Using the urllib or urllib2 module that comes with Pyhton to Capture webpages may be a bit lazy. let's take a look at some new things today. let's take a look at the tutorial of using the lxml module and the Requests module to capture HTML pages in Python:
Web capture
The Web site uses HTML description, which means that each web page is a structured document. Sometimes it is useful to retrieve data from it while maintaining its structure. Websites do not always provide their data in an easy-to-process format, such as csv or json.
This is exactly the time for web crawling. Web crawling is the practice of using a computer program to collect web page data and organize it into the required format, while saving its structure.
Lxml and Requests
Lxml (http://lxml.de/) is a beautiful extension library that is used to quickly parse XML and HTML documents even if the tags being processed are messy. We will also replace the built-in urllib2 module with the Requests (http://docs.python-requests.org/en/latest/#) module because it is faster and more readable. You can install the two modules by using the pip install lxml and pip install requests commands.
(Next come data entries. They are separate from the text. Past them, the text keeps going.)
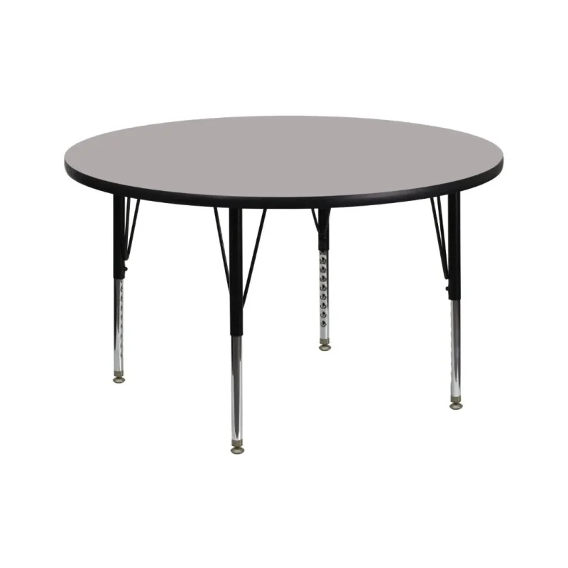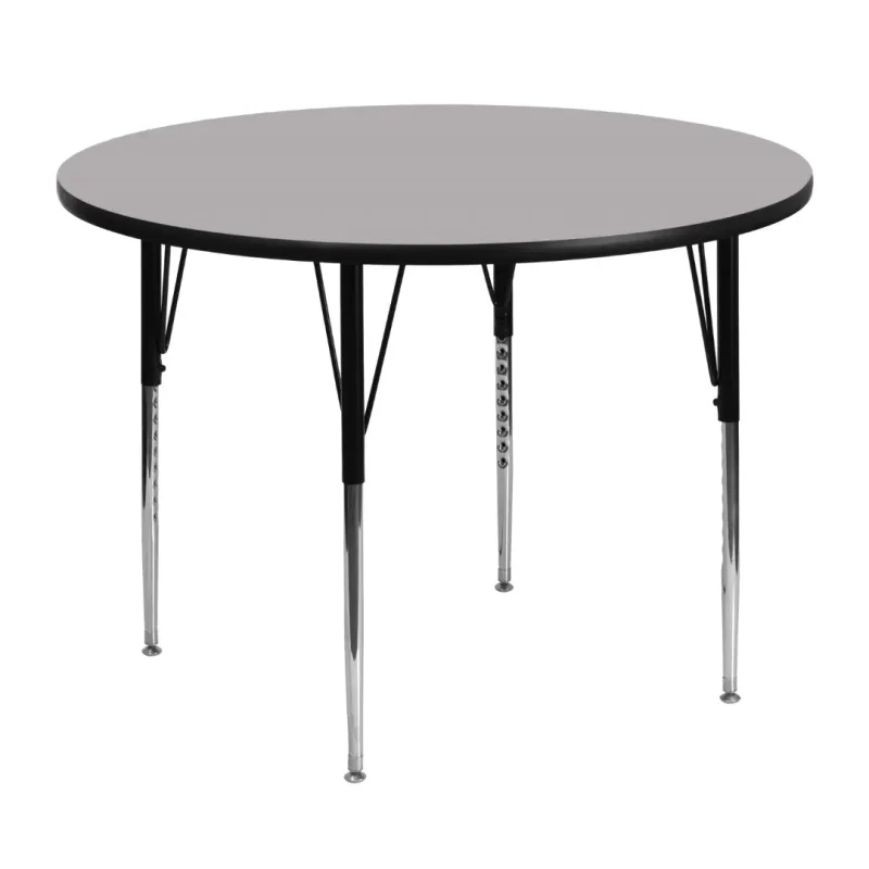 48” Round Grey Thermal Laminate Activity Table – Adjustable Height Legs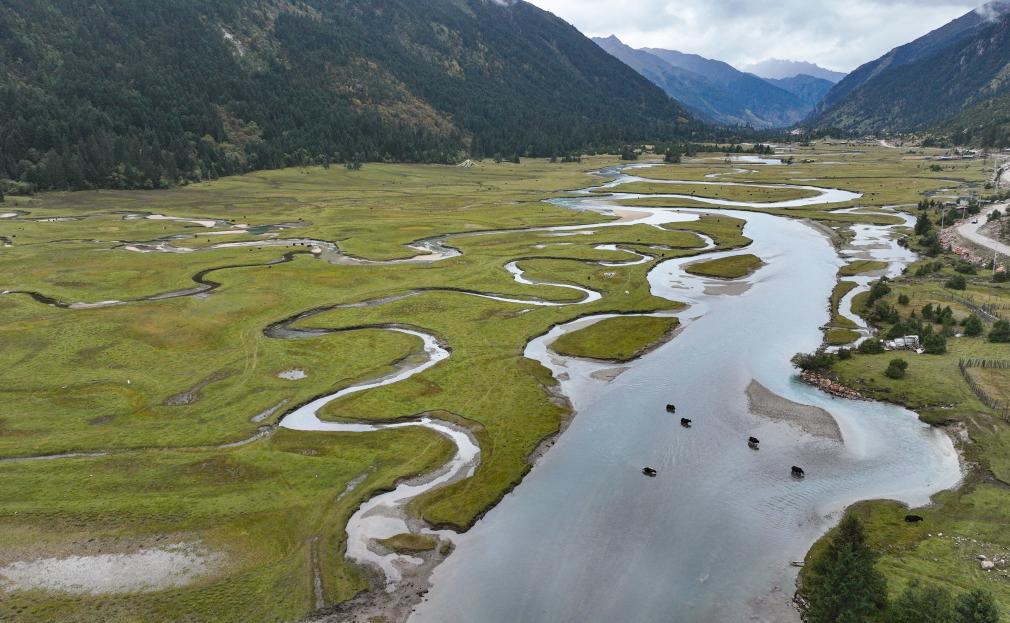 10月4日,在林芝工布江達(dá)縣,一隊(duì)牦牛涉水通過(guò)河流(無(wú)人機(jī)照片)。新華社記者 晉美多吉 攝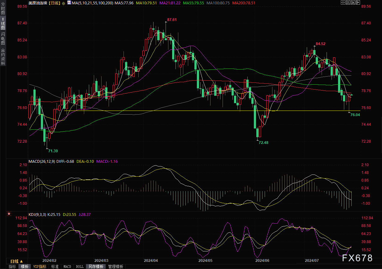 下方继续关注76附近支撑,若意外下破该支撑,则可能会跌向6月份低点72.48附近。

Let's start the following import:
from lxml import htmlimport requests
Next we will use requests. get to retrieve our data from the web page, parse it by using the html module, and save the result to the tree.
page = requests.get('http://econpy.pythonanywhere.com/ex/001.html')tree = html.fromstring(page.text)
Tree now contains the entire HTML file into an elegant tree structure. we can access the tree in two ways: XPath and CSS selector. In this example, we will select the former.
XPath is a way to locate information in structured documents (such as HTML or XML. For a good introduction to XPath, see W3Schools.
There are many tools that can obtain element XPath, such as Firefox FireBug or Chrome Inspector. If you use Chrome, you can right-click the element, select 'inspect element', highlight the code, right-click it again, and select 'copy XPath '.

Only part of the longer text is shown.